By Guest Chef: Harvey Pincis


This is a dish that really need not be bland at all and cauliflower is very, very nutritious. It is also ridiculously easy to prepare and cook, a situation that happened chez Pincis the other evening when my better half wanted to eat something easy, but satisfying. Depending on the nuts and cheese used, it can also be very economical. Even if one goes down the Raclette route for the cheese and one uses pine nuts, it is still a decent meal for four people.




  • 1 cauliflower (or can be 50-50 cauliflower and broccoli)
  • A couple of rashers of beef or veal bacon, fatty pieces are preferable. (optional)
  • A handful of golden or green raisins (or both)
  • A handful of pine nuts and slivers of almonds. Cashews can also be used.
  • Salt
  • Pepper
  • A pinch of garlic powder
  • A pinch of cayenne pepper
  • Butter
  • Flour
  • Milk
  • Dijon mustard – anything from one teaspoon to a desert spoon, depending on anyone’s love of mustard.
  • Cheese – Raclette is the favoured cheese, but mousetrap can work as well or even a blend of cheeses.

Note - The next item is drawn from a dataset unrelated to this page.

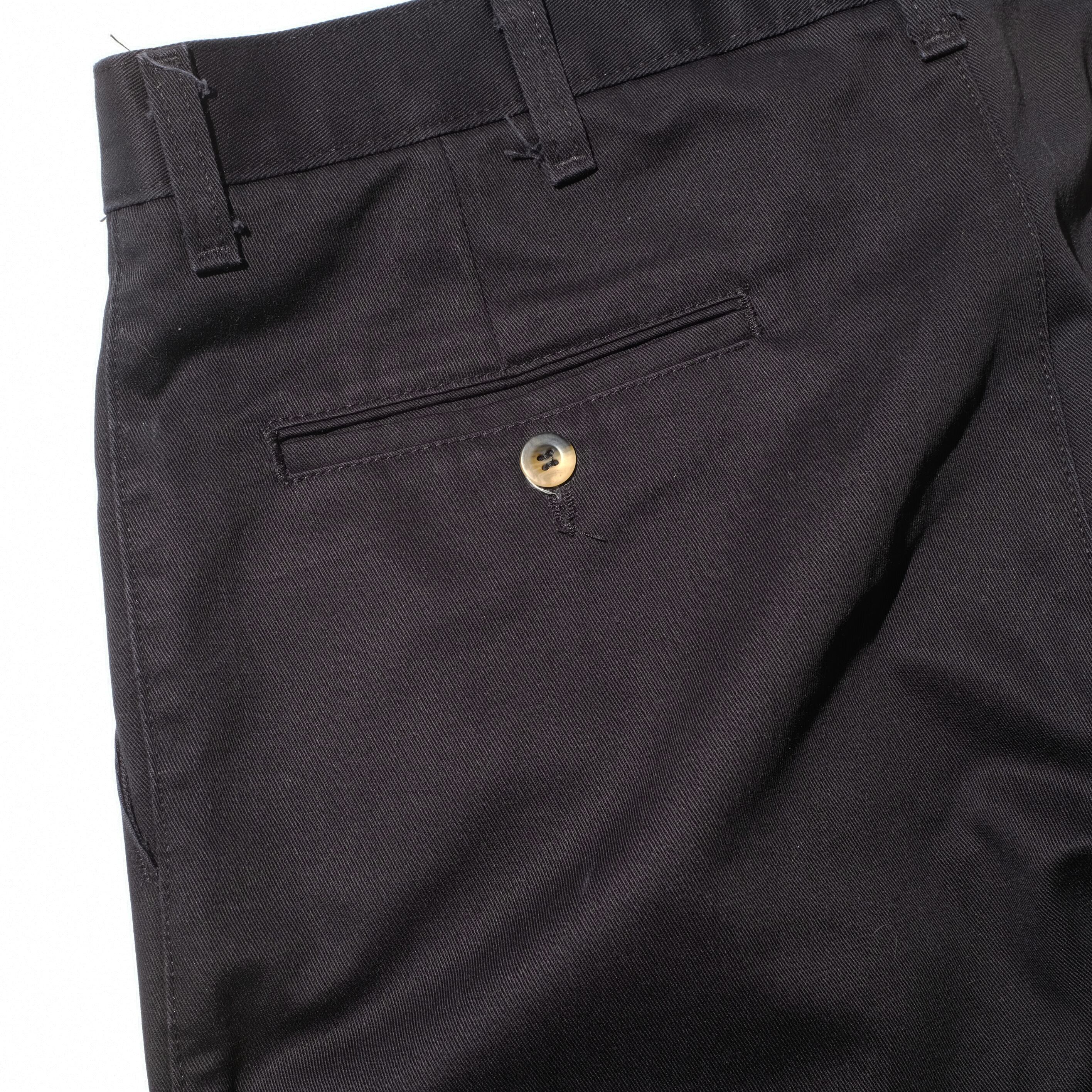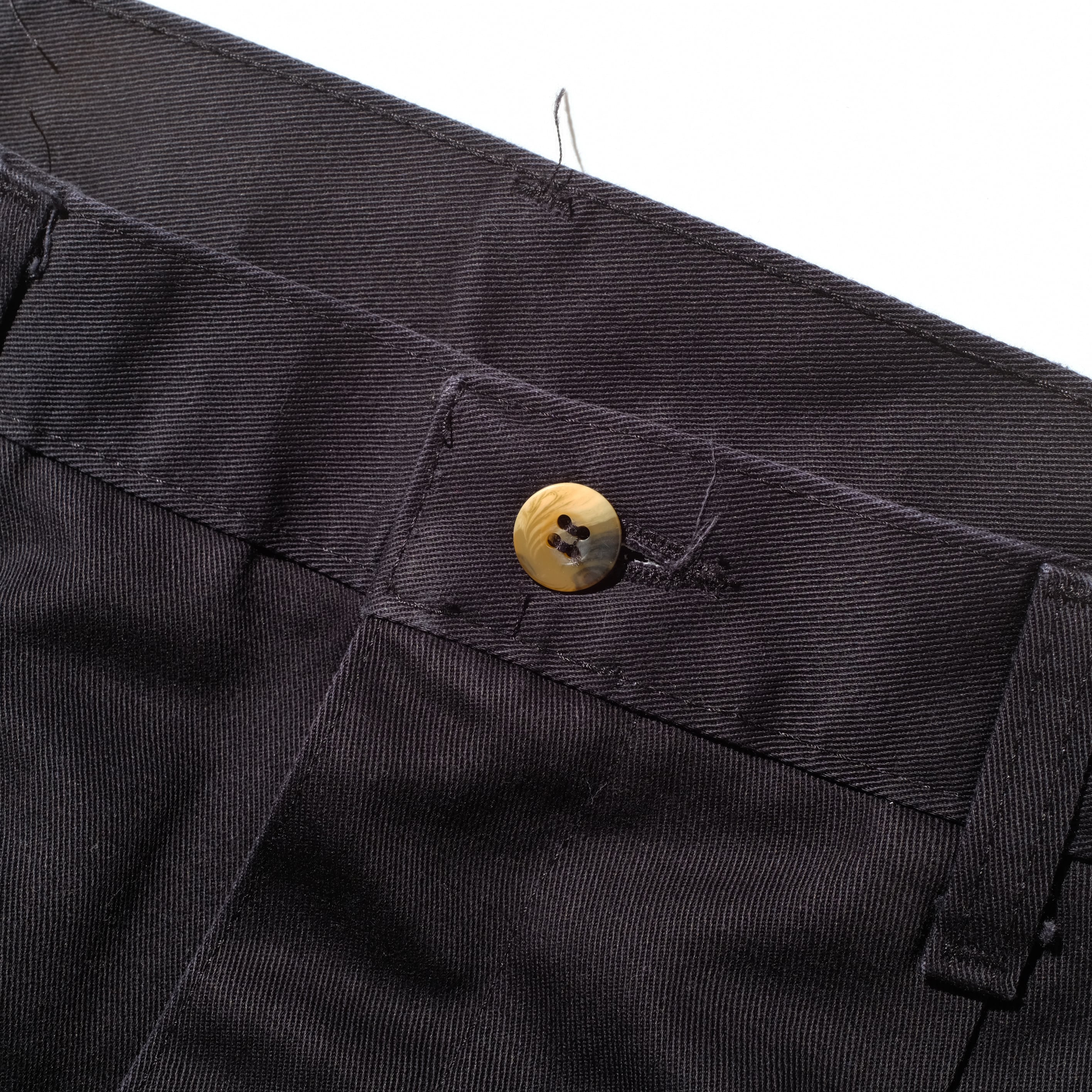 太めのシルエットに高級感のあるツイル、そしてブラックのカラーが嬉しい一本。ボタンも他のブランドでは見かけない質感です。さすがはラングラーといったところでしょうか。ワーク感も残しつつ、上品さのあるチノというのは意外と見つかりづらい印象。おすすめです。

  • Preheat the oven to 180°C/350°F/gas mark 4


  • Steam the cauliflower and/or broccoli (they are the same family and broccoli will ad some green colour) until a bit tender – we are not making cauliflower soup, though that could possibly be a future delicious subject.

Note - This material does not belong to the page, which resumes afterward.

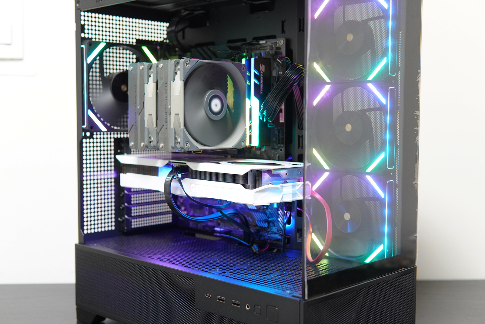 전원, RGB, USB 포트는 케이스의 위쪽이 아닌 측면에 자리 잡고 있는데 책상 위에 케이스를 놓고 사용하는 분들에게는 딱 맞는 위치라고 할 수 있지만 바닥에 놓고 사용하는 분들이라면 다소 불편할 수 있겠죠. 이 부분은 사용하는 환경에 따라 호볼호가 나뉠 거라 생각합니다.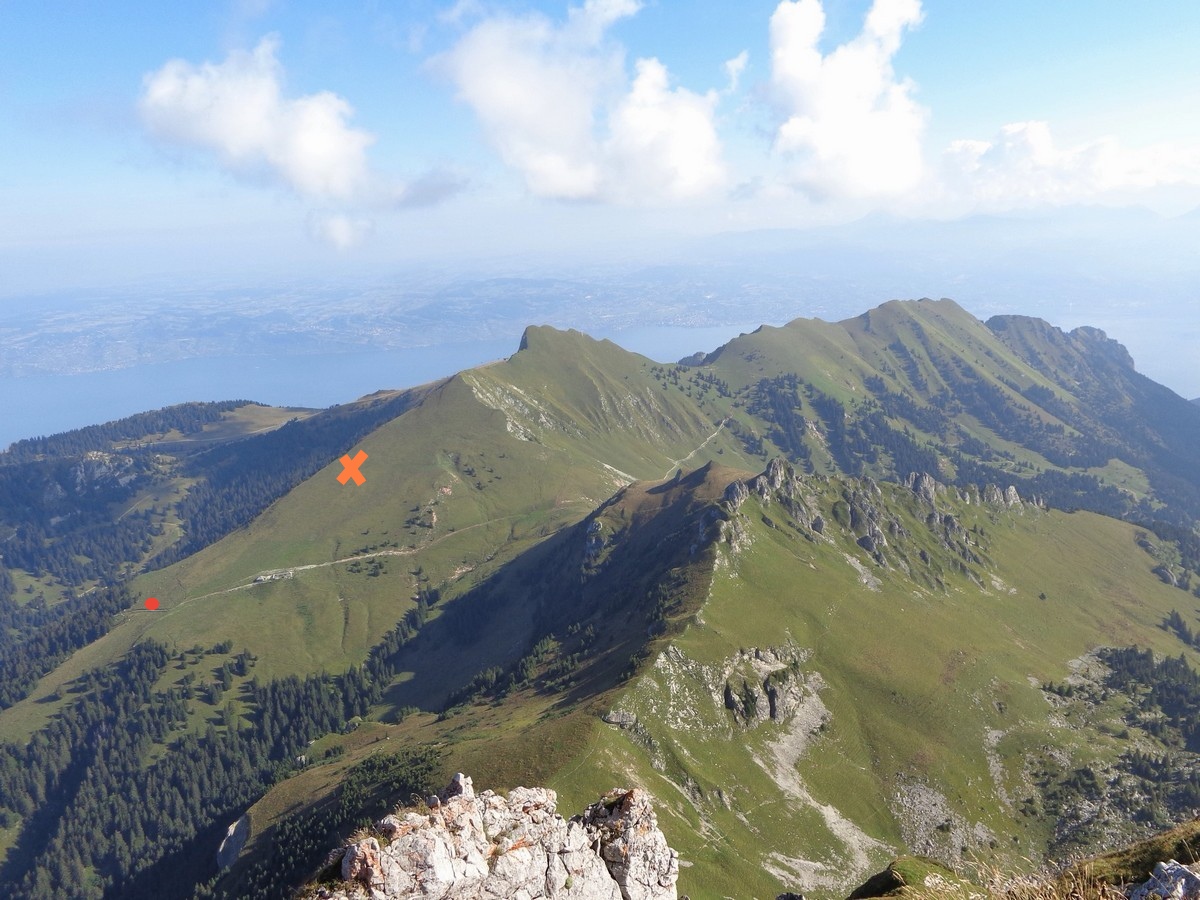 Ta croix rouge, se situe à ce niveau, hors cadre, un peu plus haut que les chalets de la Neuva, à droite, hors cadre sur la photo…

  • Cut the beef bacon rashers into small pieces – like lardoons. Vegetarians will wish to skip this step. For the omnivores among us adding these ‘lardons’ and nuts add something when cooking Brussels sprouts, a vegetable that seems to be a chore to eat for so many people, yet both seasonal and again, high in nutrition. Thanksgiving and Christmas are both on their way, so possibly food for thought to make them more acceptable to the palate. 


  • As the ‘lardons’ crisp up, throw in nuts to toast and before they catch, scatter in the oven dish with some raisins.


  • Add the cauliflower and/or cauliflower/broccoli to the dish and season with salt, pepper and garlic.


  • Make a roux. In a frying pan, melt butter and add some flour, as the flour turns colour to light brown add milk to make the mixture semi-liquid. Then add the cheese in small pieces to melt. Adding some mustard, seeded Dijon is my personal favourite, but as this is not the Tablets of Moses, so if anyone has a preferred mustard, enjoy. In any case seasoning is a very personal thing and the aim is, of course to enjoy. If the mixture gets too thick, keep the milk on hand to keep its liquidity. It should not be watery or solid! Keep just a nice balance.


  • Once the sauce is prepared, pour over the cauliflower. Dust some cayenne pepper over and garnish with a few nuts and raisins.


  • Pop in the oven for 40 minutes to 1 hour. The result should have some colour – but not burnt offerings.